* _Goal of the exercise_
Everything from the line containing "中标公告结果显示:中标单价为" to the end of the listing, both included, should be returned exactly, apart from the pictures.

* _Dataset content_
◇ ◇ ◇ ◇ ◇ ◇ ◇

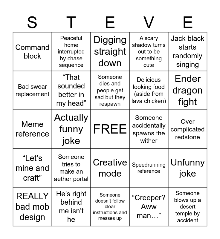 This bingo card has a free space and 34 words: “123 Minecraft!”, “Creeper? Aww man…”, YouTuber reference, Corny joke, “Let’s mine and craft”, “That sounded better in my head”, Jack black starts randomly singing, REALLY bad mob design, Peaceful home interrupted by chase sequence, Someone tries to sleep in the nether, Someone dies and people get sad but they respawn, Digging straight down, Making fun of game mechanics, 2 people slowly turn to face each other when something bad happens, Someone accidentally spawns the wither, Ender dragon fight, He’s right behind me isn’t he, Meme reference, Someone tries to make an aether portal, Speedrunning reference, Creative mode, Herobrine, Command block, Over complicated redstone, Someone doesn’t follow clear instructions and messes up, Someone blows up a desert temple by accident, A scary shadow turns out to be something cute, Blacksmith house looting, Delicious looking food (aside from lava chicken), Bad swear replacement, Cliffhanger, Actually funny joke, Unfunny joke and Obvious product placement.
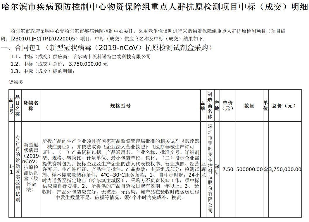 中标公告结果显示:中标单价为7.5,共计50万人份,总价3750000。中标品牌为:深圳亚辉龙;中标供应商为:哈尔滨市英诺特生物科技有限公司。 随后,3月25日,中国政府采购网公布哈尔滨市疾病预防控制中心物资保障组重点人群抗原检测项目结果更正公告(第一次)
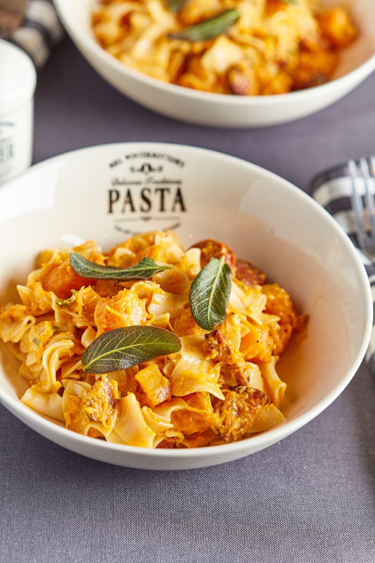 A tésztát al dantére főzzük sós vízben, leszűrjük és 1 dl főzővizet félrerakunk. Egy nagy lábasban az olívaolajon megpirítjuk a zsályalevelek felét és kiszedjük. Ezután beledobjuk a sütőtököt és közepesen lángon kb. 10 percig pirítjuk. Majd jöhet rá a felszeletelt kolbász, sózzuk, borsozzuk és 3-4 percig pirítjuk.

◇ ◇ ◇ ◇ ◇ ◇ ◇

* _Solution to the problem_
 中标公告结果显示:中标单价为7.5,共计50万人份,总价3750000。中标品牌为:深圳亚辉龙;中标供应商为:哈尔滨市英诺特生物科技有限公司。 随后,3月25日,中国政府采购网公布哈尔滨市疾病预防控制中心物资保障组重点人群抗原检测项目结果更正公告(第一次)
 A tésztát al dantére főzzük sós vízben, leszűrjük és 1 dl főzővizet félrerakunk. Egy nagy lábasban az olívaolajon megpirítjuk a zsályalevelek felét és kiszedjük. Ezután beledobjuk a sütőtököt és közepesen lángon kb. 10 percig pirítjuk. Majd jöhet rá a felszeletelt kolbász, sózzuk, borsozzuk és 3-4 percig pirítjuk.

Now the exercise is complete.